The report published July 10 is based on observational studies and not randomized controlled studies.  Observational studies simply look back in time at data.  Researchers used data from the Selenium and Vitamin E Cancer Prevention Trial to make their conclusions.  These assertions were not based on the gold standard of randomized controlled studies in which one group gets the treatment and the other group gets a placebo.  Instead, inferences were based on a study whose purpose was not even to address the question related to the relationship between omega-3 fatty acid levels and prostate cancer.

The researchers compared blood levels of omega-3 fatty acids in more than 800 men later diagnosed with prostate cancer with blood samples from nearly 1,400 men who did not develop the disease.  This study looked at blood levels of long-chain fatty acids such as those found in fish (EPA and DHA).  The association between higher blood levels and prostate cancer was only found for DHA. No association was found between EPA or ALA (the plant-based form of omega-3 found in flaxseeds).
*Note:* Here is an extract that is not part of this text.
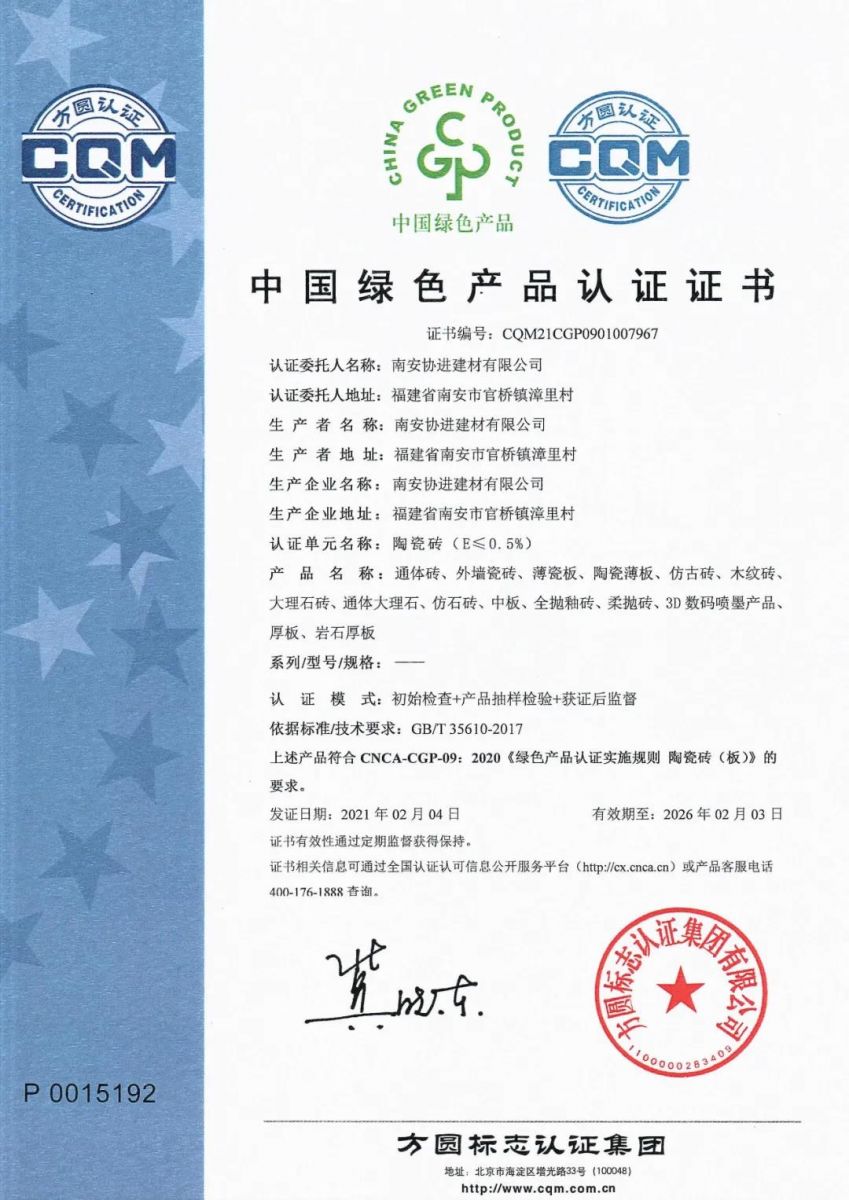 憑借持續(xù)踐行“綠色、節(jié)能、環(huán)保”的發(fā)展理念通過“中國綠色產(chǎn)品”認證。是對2012年獲評“全國節(jié)能先進集體”、2017年通過“三星級綠色建材評價標識”認證后的鼓勵和再次肯定。協(xié)進陶瓷將繼續(xù)與社會各界一同攜手構(gòu)建低碳環(huán)保建筑體系,為實現(xiàn)企業(yè)與社會的可持續(xù)發(fā)展繼續(xù)努力。

It’s important to keep in mind that blood levels of omega-3 fatty acids are not a reliable indicator of long-term omega-3 consumption since it is subject to significant day-to-day variability.  These levels can be influenced by a single meal or timing of a supplement.  In addition, only one blood sample was taken at the start of the study and not when participants were diagnosed.

These new findings don’t show a cause-and-effect relationship between prostate cancer and omega-3 fatty acids. Instead, these studies point to associations.  It is important to remember that correlation is not causation. 

Researchers did not “control” for such variables as family history, age and race and most importantly diet.  A number of other factors might have come into play:

  • 53 percent of the subjects with prostate cancer were smokers.
  • 64 percent of the cancer subjects regularly consumed alcohol.
    • 30 percent of the cancer subjects had at least one first-degree relative with prostate cancer.
    • 80 percent of the cancer subjects were overweight or obese.

We need to keep in mind that there have been numerous positive studies published on omega-3 fats showing their health benefits.  It’s also important to remember that nutrition is a highly complex and nuanced area. 

As a dietitian I recommend focusing on food first and continuing to eat good food sources of omega-3 fatty acids from fatty, oily fish (such as wild-caught salmon or sardines), walnuts, leafy green vegetables (such as collard greens), grass-fed beef, and ground flaxseed.  As Hippocrates said: “Let food be thy medicine and medicine be thy food.”  Good advice.